Svitolina’s husband, French player Gael Monfils, finished his first-round five-set win after midnight on Tuesday night/Wednesday morning. She watched that match on a computer before going to sleep ahead of her 11 a.m. start Wednesday.

“This morning, he told me, ‘I’m coming to your match, so make it worth it,'” she joked on Tennis Channel. “I was like, OK, no pressure.

“I don’t know what he’s doing here now. He should be resting.”

Also Wednesday, 108th-ranked Australian Thanasi Kokkinakis ousted three-time major champion Stan Wawrinka of Switzerland 3-6, 7-5, 6-3, 6-7 (4), 6-3 in four and a half hours. Wawrinka’s exit leaves Novak Djokovic as the lone man in the draw who has won the French Open and Djokovic and Carlos Alcaraz as the lone men left who have won any major.

The top seed Alcaraz beat 112th-ranked Taro Daniel of Japan 6-1, 3-6, 6-1, 6-2. The Spaniard gets 26th seed Denis Shapovalov of Canada in the third round. Djokovic, the No. 3 seed, swept 83rd-ranked Hungarian Marton Fucsovics 7-6 (2), 6-0, 6-3 to reach a third-round date with 29th seed Alejandro Davidovich Fokina of Spain.

FRENCH OPEN DRAWS: Women | Men | Broadcast Schedule

Svitolina made at least one major quarterfinal every year from 2017 through 2021, including the semifinals at Wimbledon and the U.S. Open in 2019. She married Monfils one week before the Tokyo Olympics, then won a singles bronze medal.

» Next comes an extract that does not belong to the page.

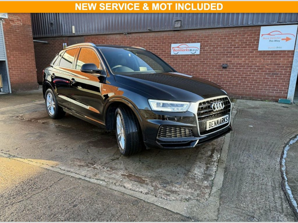This 2017 Audi Q3 1.4 TFSI CoD S line Edition is a stylish and refined compact SUV that delivers premium quality, strong performance, and impressive efficiency. Finished in sleek black, it has covered 53,660 miles and is powered by Audi's reliable 1.4-litre turbocharged petrol engine producing 150 PS. Paired with a 6-speed manual gearbox and Euro 6 compliant, it provides a smooth, responsive drive that's ideal for both city use and long-distance journeys. It comes with proof of 5 services and will benefit from a fresh service and a new 12-month MOT at point of sale for complete peace of mind. Road tax is just £195 per year, making this Q3 both practical and affordable to run. As an S line Edition, it features sportier styling, upgraded alloy wheels, half-leather sport seats, LED lighting, and Audi's premium interior finish. It combines SUV practicality with the sharp handling and refined comfort Audi is known for. Supplied with 2 keys and a 6-Months Warranty included free of charge, with options to upgrade for extended cover, this Q3 offers exceptional value for money. With its premium design, strong service record, and solid reputation for reliability, this Audi Q3 S line Edition is a fantastic opportunity to own a stylish and versatile SUV. 18in Alloy Wheels - 5-Twin-Spoke Design , 4-Way Electric Lumbar Support for Front , 6.5in Colour Display Screen, 8 Passive Speakers, Aluminium Roof Rails, Aluminium Window Trims, AMI - Audi Music Interface, Anti Theft Locking Wheel Bolts, Anti-Theft Alarm, Audi Drive Select, Audi Parking System Plus, Auto-Dimming Rear-View Mirror, Bluetooth Interface, Body Coloured Door Mirrors, Chrome-Plated Trims for Exhaust Tailpipe, Cloth Headlining in Black, Concert Radio, Cruise Control, DAB Digital Radio, Door Mirrors - Heated-Electrically Adjus, Door Sill Trims with S Line Logo, Driver - Front Passenger - Front Side an, Drivers Information System - DIS - 3.5in, Dual-Zone Electronic Climate Control, D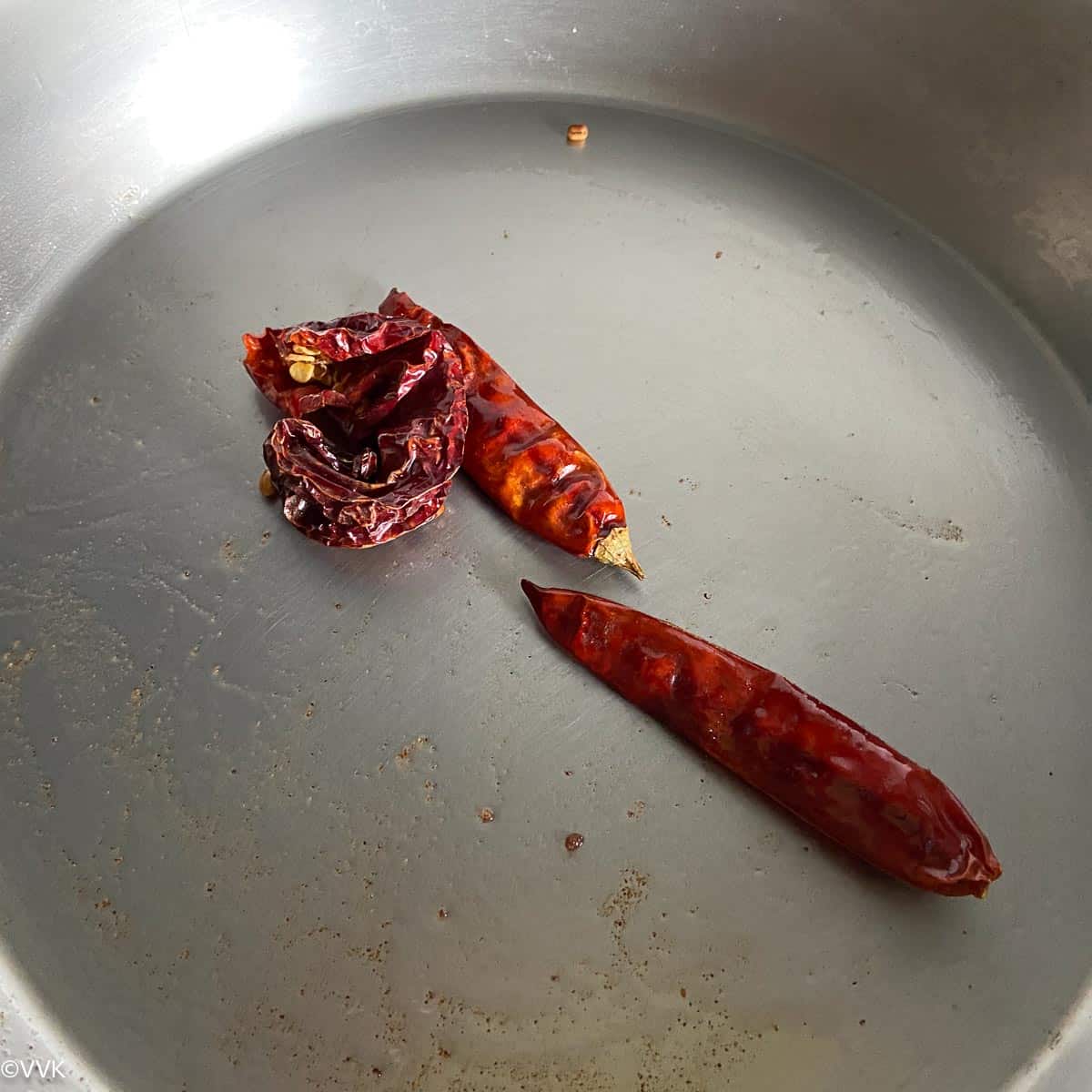 - Transfer the lentils to the mixer jar, and in the same pan, add the red chilies and roast them for a minute or until they become crisp and slightly charred.

Svitolina played her last match before maternity leave on March 24, 2022, one month after Russia invaded her country. She gave birth to daughter Skai on Oct. 15.

Svitolina returned to competition in April. Last week, she won the tournament preceding the French Open, sweeping Blinkova to improve to 17-3 in her career in finals. She’s playing on a protected ranking of 27th after her year absence and, now, on a seven-match win streak.

“It was always in my head the plan to come back, but I didn’t put any pressure on myself, because obviously with the war going on, with the pregnancy, you never know how complicated it will go,” she said. “I’m as strong as I was before, maybe even stronger, because I feel that I can handle the work that I do off the court, and match by match I’m getting better. Also mentally, because mental can influence your physicality, as well.”

Svitolina said she’s motivated by goals to attain before she retires from the sport and to help Ukraine, such as donating her prize money from last week’s title in Strasbourg.

“These moments bring joy to people of Ukraine, to the kids as well, the kids who loved to play tennis before the war, and now maybe they don’t have the opportunity,” she said. “But these moments that can motivate them to look on the bright side and see these good moments and enjoy themselves as much as they can in this horrible situation.”

Svitolina was born in Odesa and has lived in Kharkiv, two cities that have been attacked by Russia.

“I talk a lot with my friends, with my family back in Ukraine, and it’s a horrible thing, but they are used to it now,” she said. “They are used to the alarms that are on. As soon as they hear something, they go to the bomb shelters. Sleepless nights. You know, it’s a terrible thing, but they tell me that now it’s a part of their life, which is very, very sad.”

Svitolina noted that she plays with a flag next to her name — unlike the Russians and Belarusians, who are allowed to play as neutral athletes.

“When I step on the court, I just try to think about the fighting spirit that all of us Ukrainians have and how Ukrainians are fighting for their values, for their freedom in Ukraine,” she said, “and me, I’m fighting here on my own front line.”

Svitolina said that she’s noticed “a lot of rubbish” concerning how tennis is reacting to the war.

“We have to focus on what the main point of what is going on,” she said. “Ukrainian people need help and need support. We are focusing on so many things like empty words, empty things that are not helping the situation, not helping anything.

“I want to invite everyone to focus on helping Ukrainians. That’s the main point of this, to help kids, to help women who lost their husbands because they are at the war, and they are fighting for Ukraine.

“You can donate. Couple of dollars might help and save lives. Or donate your time to something to help people.”